Mike (Josh Hutcherson, outrora um bom ator mirim e estrela de Jogos Vorazes) dorme mal à noite, toma comprimidos e sempre retorna a um episódio assustador da infância: quando lhe confiaram cuidar do irmão mais novo num churrasco, e ele foi sequestrado. Mike tenta tão ativamente lembrar de qualquer detalhe não notado anteriormente desse sequestro que vai lentamente enlouquecendo por causa dos sonhos lúcidos.

O rapaz é demitido do trabalho, mas precisa criar a irmã mais nova (seus pais morreram recentemente), que também está principalmente triste e desenhando algo melancólico. Mike consegue com dificuldade um emprego muito estranho como vigia noturno de um restaurante familiar há muito fechado, cuja principal atração eram robôs animatrônicos divertidos. Agora eles, como Mike, no fundo não são necessários a ninguém e vegetam, ao que parece, sem fazer nada, lembrando os despreocupados anos oitenta americanos.

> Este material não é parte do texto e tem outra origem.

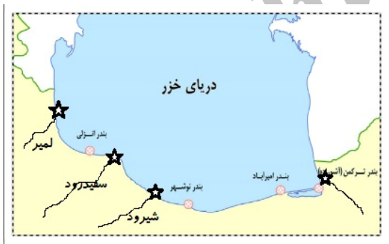
شکل ۱: رودخانه‌های نمونه‌برداری از ماهی کلمه و ماهی سفید

طی سال‌های ۱۳۹۱ و ۱۳۹۲ نمونه‌های ماهی کلمه از رودخانه لمیر در قسمت جنوب غربی و بندر ترکمن در قسمت جنوب شرقی دریای خزر (جمعا ۱۷ نمونه) و ماهی سفید از رودخانه‌های لمیر، سفیدرود و شیرود (جمعا ۲۹ نمونه) در سواحل جنوبی دریای خزر (شکل ۱) توسط صیادان محلی صید و مقداری از قسمت نرم باله دمی آن‌ها بریده و پس از قرار دادن داخل تیوپ ۱/۵ میلی لیتری حاوی الکل ۹۶ درجه به آزمایشگاه ژنتیک پژوهشکده آبی‌پروری آب‌های داخلی بندر انزلی منتقل و قبل از شروع آزمایشات مولکولی به منظور عدم حذف احتمالی الکل داخل ویال و چروکیدگی بافت باله ناشی از آن، در فریزر ۲۰- درجه سانتی‌گراد قرار داده شد.
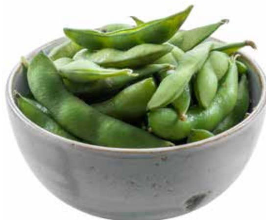
12 · EDAMAME | € 4,50 🌿 Baccelli di soia allergeni: 6
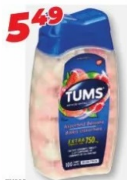
TUMS Antiacides sélectionnés Selected antacids
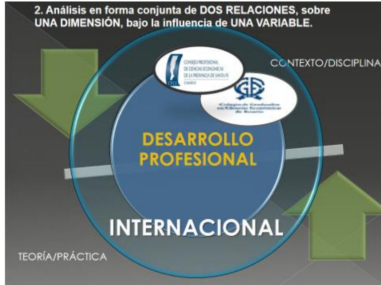
Fig. 3

Fue un hallazgo del proyecto encontrar que la Comisión Comercio Exterior y Mercosur en el Consejo de Profesionales de Ciencias Económicas, hacía más de dos años que se encontraba sin sesionar.
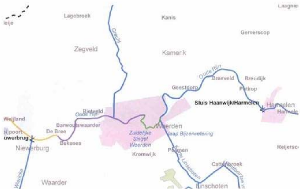
Kaart 1. Samenloop van Rijn, Grecht, Wiericke en Linschoten
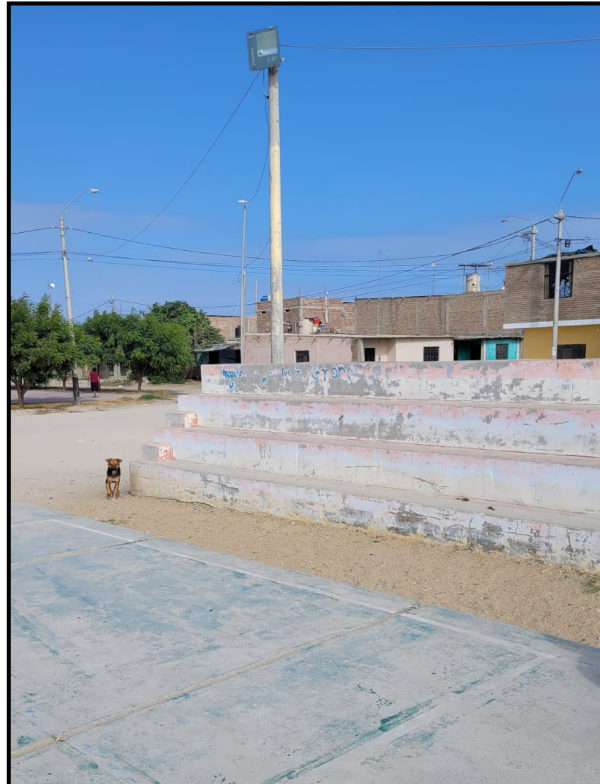
Imagen N°03: Arco y Tablero deteriorado
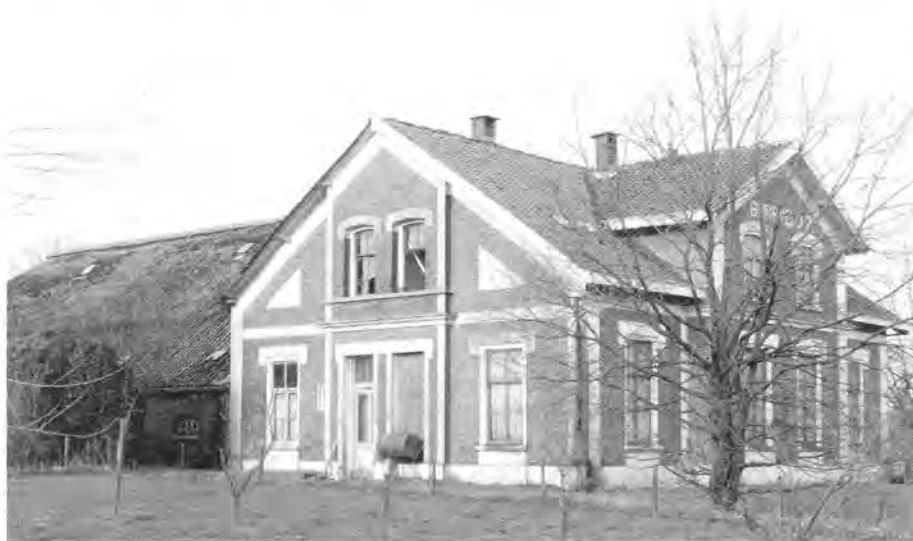
Bureveld 2, Bunnikseweg 10 in 2007.

mijn leven ervan afhing. En in dit geval was dit nog volledig waar ook. In geen tijd waren we klaar en we voelden beiden, dat het tussen ons klikte. Ik vertelde Jitze over mijn situatie en hij vertelde, dat zijn vrouw Joke zwanger was en zich vaak niet lekker voelde. Een hulp zou zeker welkom zijn, maar hij moest de gehele situatie toch eerst met zijn vrouw en zijn ouders bespreken. Hij zou vooruit fietsen en ik zou met de
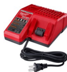
CARGADOR MULTI VOLTAJE
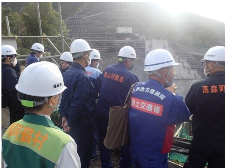
R2.11 阿蘇管内市町村議会議長現地説明【17名】
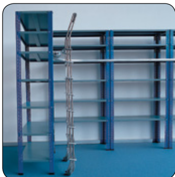
Escalera corrediza con guía y posibilidad de hacer curvas hasta de 90°.
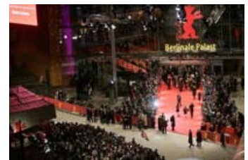
Fig. 2: Røde løbere og glamour. Leonardo Dicaprio er på vej!
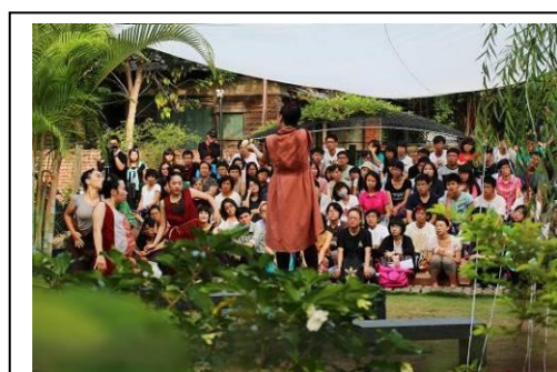
白水-在27號庭院演出
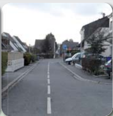
Sans stationnements sur les trottoirs, la circulation est plus fluide. ▲
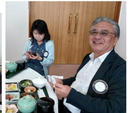
運天さん 久しぶりのご参加、ありがとうございます!
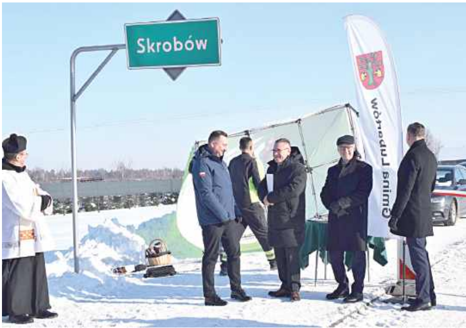
W trakcie uroczystości namiot gminy Lubartów odleciał

Drogę gminną w Skrobowie Kolonii wybudowano za ponad 5,5 mln zł, w tym blisko 2,8 mln zł to dofinansowanie z Rządowego Funduszu Rozwoju Dróg.
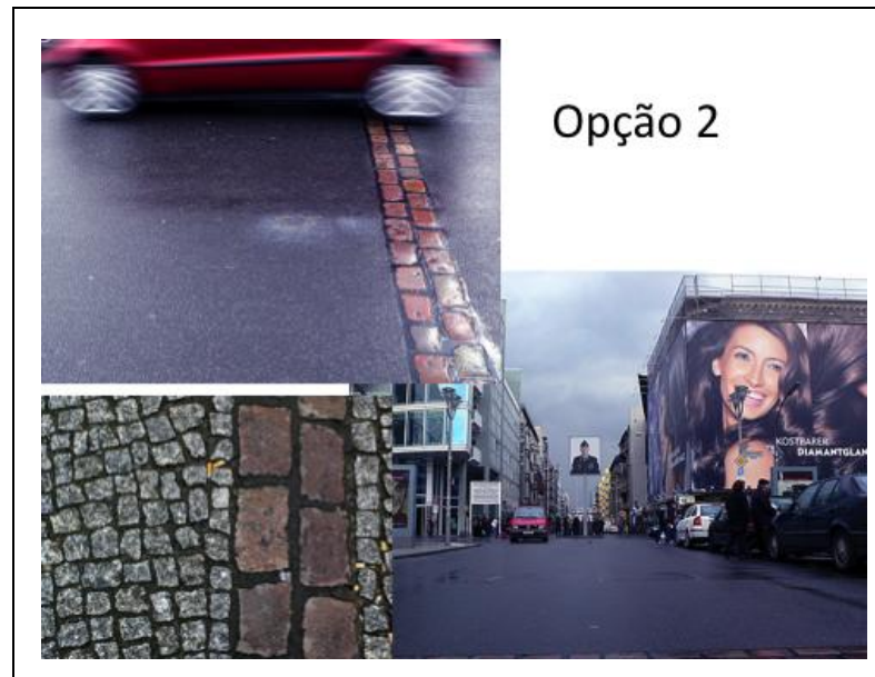
Figura 5: El Senado alemán propuso marcar el antiguo recorrido del Muro mediante una doble línea de adoquines y una serie de indicadores como placas, pilares, etc.

Finalmente, como tercera opción, un grupo de artistas de todo el mundo se reunió para expresar sus reacciones y sensaciones ante la caída del Muro. Así surgió la East Side Gallery. Creada en 1990, la Galería es un conjunto de decenas de pinturas que cubren un tramo de 800 metros de la construcción (Figura 6). Las obras representan la euforia y esperanzas de un futuro mejor. Esta tercera posibilidad se apropia de la materialidad de algo siniestro para transformarlo en algo distinto, algo que tiene belleza. Varias intervenciones artísticas urbanas, como los grafitis, parten de la posibilidad de reescribir la superficie de paredes y muros como forma de resistencia. Esos actos de reescritura suelen ser “ilegales”, en tanto no se encuentran amparados por el sistema. Las pinturas del muro, al contrario, tienen respaldo institucional como parte de una política “oficial” que también posee apoyo social. Lo que fue un espacio de opresión, un límite que separaba, pasó a convertirse en un lugar donde el arte crea libertad e invita a reflexionar a través de múltiples miradas.
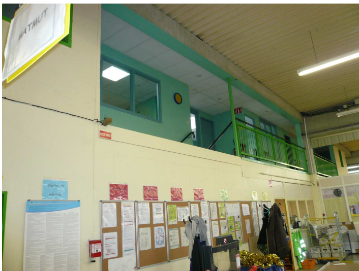
Vue de la mezzanine bureaux
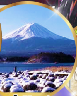
สวนโออิชิ พาร์ค
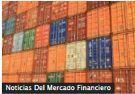
Noticias Del Mercado Financiero

Estados Unidos lideró lista de países desde donde Colombia importó más productos en octubre
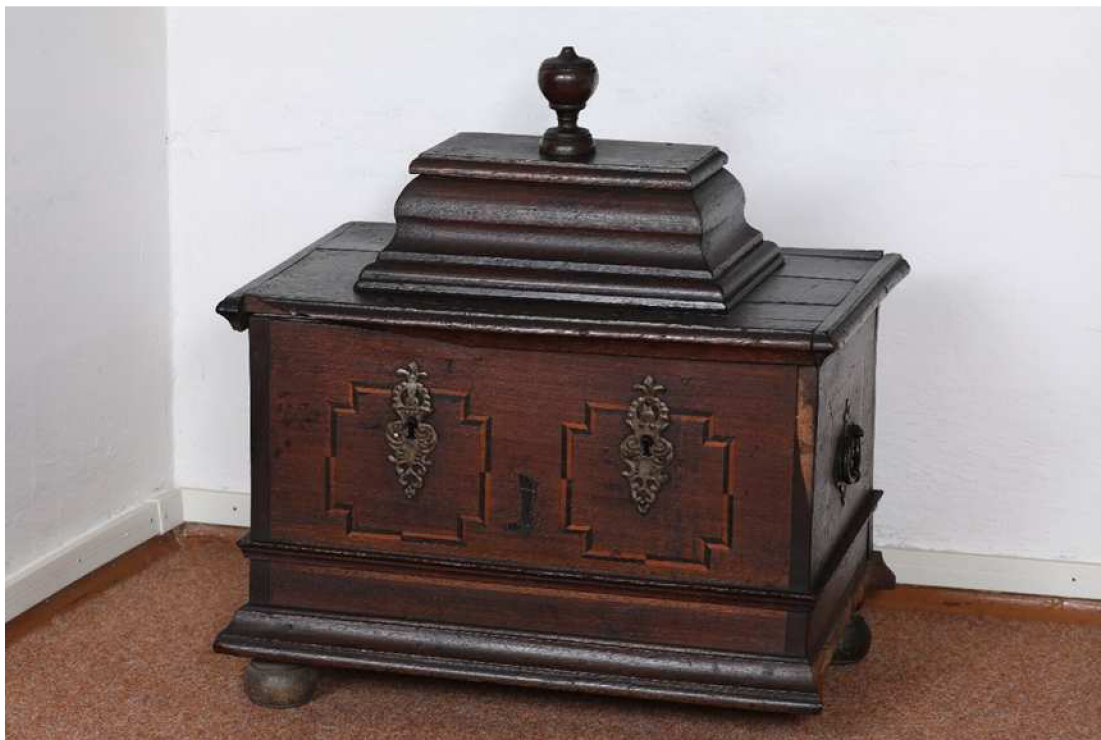
Krkonošské muzeum v Jilemnici, sbírka Historie, inv. č. H 911, foto Pavel Kraus
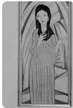
版画の少女は今も夢見る表情で祈ります

◆うちらそこまでしてもらえへん。田舎のことや。ほんでも、やっぱり、お祭りやでな。◆お母さんがな。ちよつとええもん、ちよつと美味しいもんを。皆様穏やかに頷かれます。雛祭りの日、激動の昭和を超え、想いはありし故郷を巡ります。
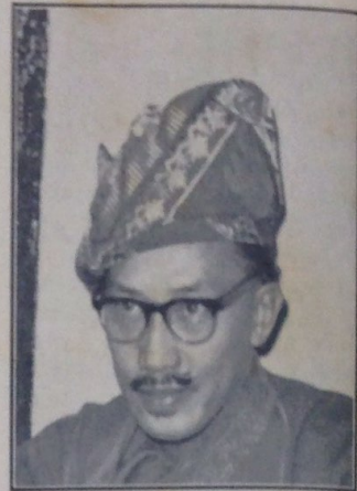
Duli Yang Maha Mulia
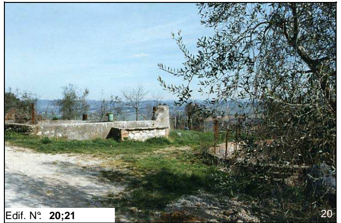
Edif. N° 20;21
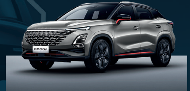
Aviation Silver z czerwonymi akcentami i czarny dachem Dla wersji Premium
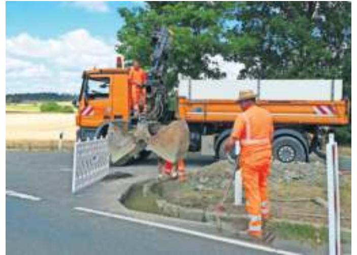
Im Zuge der Bauarbeiten werden auch Reparaturen am gesperrten Parkplatz durchgeführt.

wendig und wird gewährleistet, schon allein für den Winterdienst, aber auch für den landwirtschaftlichen Verkehr“, betont Grüner, der zudem von 50 Meter Radfahrstraße mit 1,85 Metern Breite am Ortsausgang von Berg als Überleitung zur Querungshilfe berichtet. „Auf der gegenüberliegenden Seite bleibt der bisherige Gehweg erhalten“, betont Bürgermeisterin Rubner und erinnert, dass seinerzeit der Berger CSU-Ortsverband das Thema Geh- und Radweg anpackte, unterstützt vom CSU-Landtagsabgeordneten Alexander König. „Letztlich scheiterte der erste Planungsentwurf an nur einem Grundstückseigentümer, während alle anderen bereitwillig das Projekt unterstützten“, berichtet Rubner und dankt dem staatlichen Bauamt Bayreuth für den zweiten Ent-

Naturalmente, logo se descobre que Mike não protege o restaurante das pessoas, mas as pessoas do restaurante; os animatrônicos estão bem vivos, e os problemas do herói já insuportavelmente triste estão apenas começando. Tudo isso é o enredo de um jogo homônimo muito popular, cuja essência é sobreviver no estabelecimento abandonado por cinco longas noites.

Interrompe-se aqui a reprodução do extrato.